On Thursday, Turkey admitted to being the second type of government, just as over the last few months Syria has demonstrated itself conclusively to be the first. Turkey’s mistake, which it acknowledged sheepishly, was to launch air-strikes on Wednesday against about 35 men hiking along unmarked trails between Turkey and Iraqi Kurdistan. The Turkish military says it thought the men were terrorist members of the Kurdistan Workers Party (P.K.K.). But evidence found near the corpses suggested a more benign activity: the men were smugglers evading onerous Turkish and Iraqi customs duties on diesel and tobacco at the official crossing point of Habur. They carried Kools, not Kalashnikovs.

In the past, Turkey’s Kurds have responded to incidents like this one by protesting in the streets and public squares, with a little bit of armed struggle from actual terrorists on the side. Last night in Istanbul, Kurds and their allies went to the streets. On Istliklal Avenue, in Beyoglu district in central Istanbul, at street corners normally reserved for upper-class shoppers in winter chic, riot police stood huffing into their hands to chase away the cold, waiting for violence that never came. But news agencies reported that in the country’s predominantly Kurdish southeast, crowds threw stones and Molotov cocktails, and stores were shuttered for the day.

After violence in the southeast, recriminations and confrontations like these are common. But there’s a notable change of vocabulary this time. Whereas Kurds once looked to the West and patiently tried to master the human rights language of the European Union, now at least some of them are looking south, to the more urgent and concrete language of protest movements in the Arab world. And in adopting that rhetoric, the Kurdish leaders are making missteps.

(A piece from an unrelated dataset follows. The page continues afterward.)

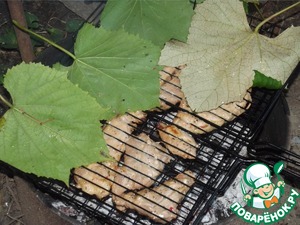 Накрываем нашу решетку вымытыми листьями винограда. 2,3,4 раза - это не только придает мясу неповторимый аромат, но и позволяет прожариться на 100% и делает мясо более мягким и сочным.

“A leader who kills his own people has lost his legitimacy,” Prime Minister Recep Tayyip Erdogan of Turkey said of President Bashar al-Assad of Syria in September. Now Selahattin Demirtas, the Kurdish member of parliament who heads the Peace and Democracy Party, finds Erdogan’s words delicious. not to quote back to him. “Now I say the same thing back to him,” Demirtas said. “This was no accident: it was a massacre.” Demirtas, whose party is the sole legal political voice of the Kurds in Turkey these days, said he considered the killing caused by Wednesday’s air strike to be an Assad-level crime.

It’s a preposterous and self-discrediting comparison: Erdogan and Assad resemble each other in little more than their mustaches. The first people to acknowledge the differences between the two should be the Kurds themselves: Erdogan’s government has in many ways improved upon the nationalist Turkish governments of yesteryear, and the Kurds of Syria have always suffered far more grievously than the Kurds of Turkey. In the P.K.K. camps of northern Iraq, Syrian Kurds are overrepresented — the result of especially zealous oppression by the Assad regime.

It’s hard to begrudge a movement as aggrieved as the Kurds’ this moment of hyperbole. But let’s hope that the Kurds will reconsider their annexation of Arab Spring analogies. A movement that has spent the last couple of decades mastering the art of patience shouldn’t now sideline its own cause with a faulty comparison to a more desperate one.